(Dataset entries)
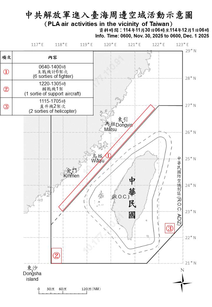 9 sorties of PLA aircraft, 11 PLAN ships and 1 offical ships operating around Taiwan were detected as of 6 a.m. (UTC+8) today. 3 out of 9 sorties crossed the median line of the Taiwan Strait and entered Taiwan’s southwestern and eastern ADIZ. ROC Armed Forces have monitored the situation and employed CAP aircraft, Navy ships, and coastal missile systems in response to detected activities.
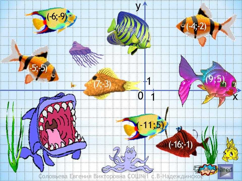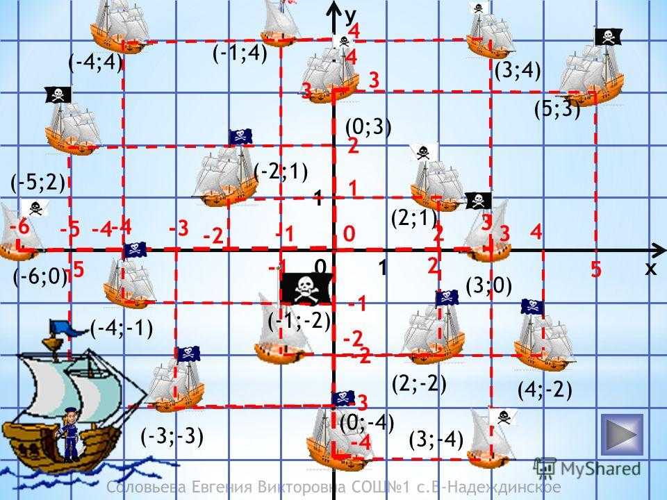 Соловьева Евгения Викторовна СОШ1 с.В-Надеждинское y x (-1;-7)(4;8)(-3;-2) (6;0)(-5;4) (-8;0) (0;-7)(0;8) (0;4)(0;4) (0;-2) (0;-5) Ветер по морю гуляет И кораблик подгоняет; Он бежит себе в волнах На раздутых парусах… Но что это на линии горизонта? Поднять команду на борт
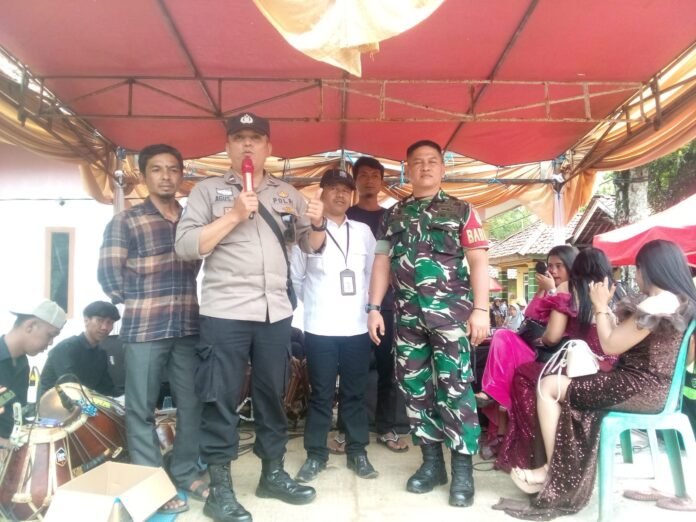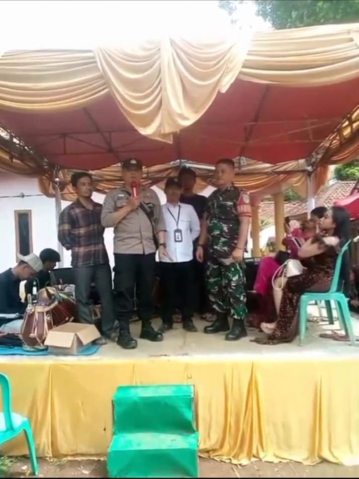 Bhabinkamtibmas Desa Sindangpanon, Aipda Agus Imamunandar dari Polsek Bojong Polres Purwakarta, bersama Babinsa Sertu Rudi Hartono dari Koramil 1903 Darangdan Kodim 0619, serta Satpol PP Kecamatan Bojong yang diwakili oleh Cecep KS BKO Satpol PP Kecamatan Bojong, hadir di tengah masyarakat untuk memastikan kegiatan berjalan aman dan kondusif.
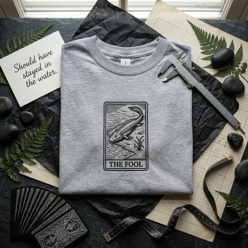 The Tiktaalik Embroidered Sweatshirt features a clever ‘The Fool’ tarot card design, merging prehistoric science with iconic evolution humor memes.
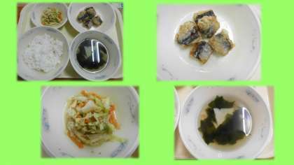 ★今日は,5月分の「和(なごみ)献立」です。若竹汁は,春が旬のわかめとたけのこを使っています。わかめとたけのこは,相性のよい食べ物で,「であいもん」と言われています。それぞれの食感を楽しんでいただきました。
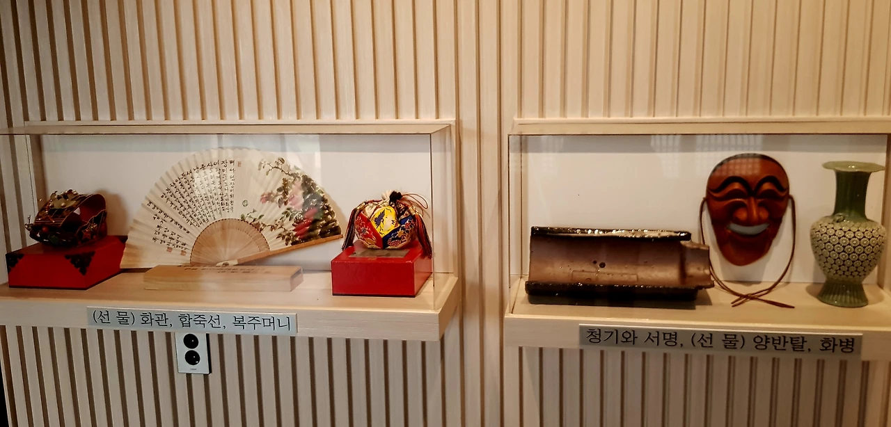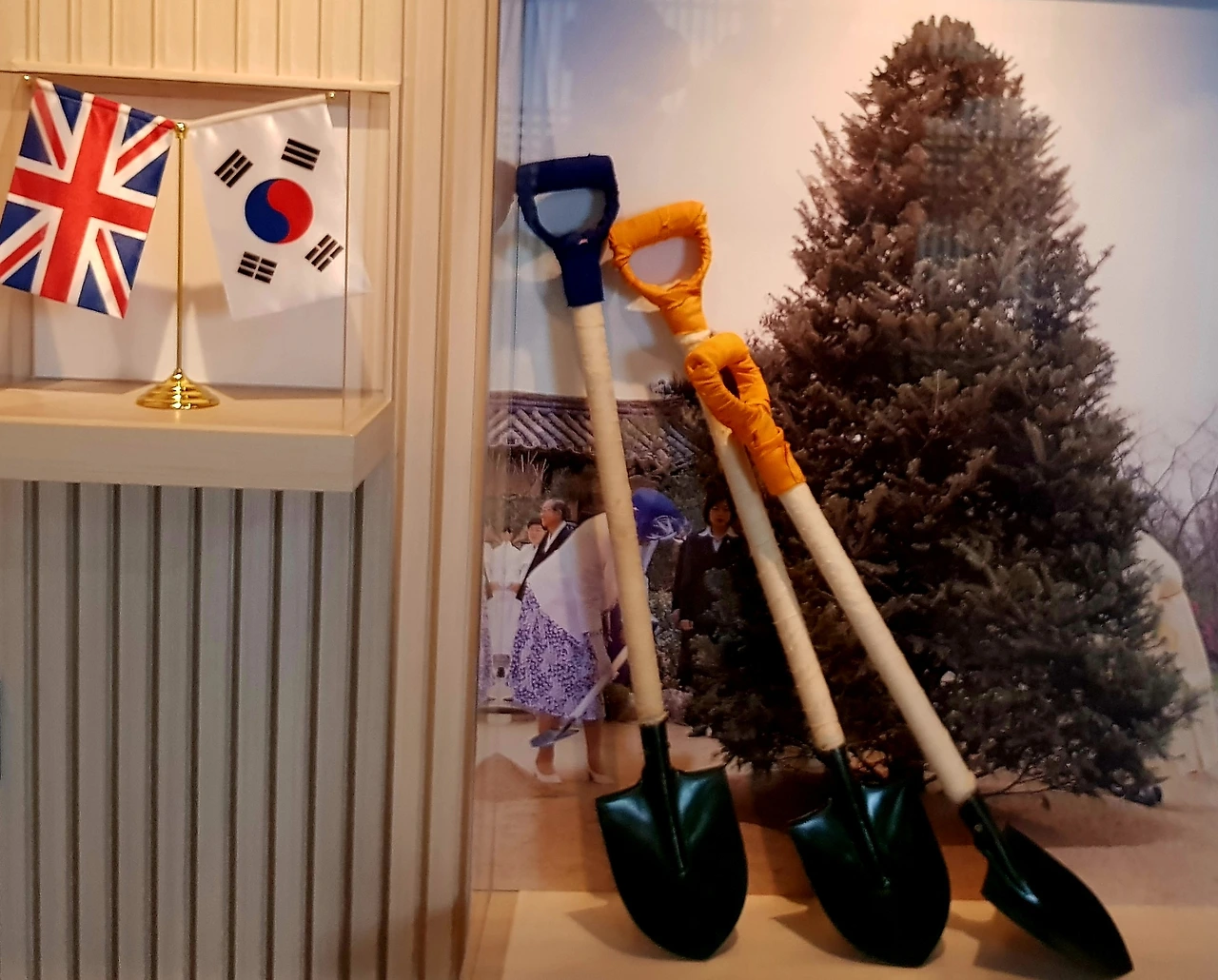 또 우리가 건넨 우리 문화 속의 선물 사진도 있고 소나무를 함께 심은 삽도 전시되어 있었다

EXERCISE AIM: Retype the line containing "The Tiktaalik Embroidered" and each line after it through the last line of the entries above, exactly, with no pictures and nothing else.

YOUR RESPONSE:
 The Tiktaalik Embroidered Sweatshirt features a clever ‘The Fool’ tarot card design, merging prehistoric science with iconic evolution humor memes.
 ★今日は,5月分の「和(なごみ)献立」です。若竹汁は,春が旬のわかめとたけのこを使っています。わかめとたけのこは,相性のよい食べ物で,「であいもん」と言われています。それぞれの食感を楽しんでいただきました。
 또 우리가 건넨 우리 문화 속의 선물 사진도 있고 소나무를 함께 심은 삽도 전시되어 있었다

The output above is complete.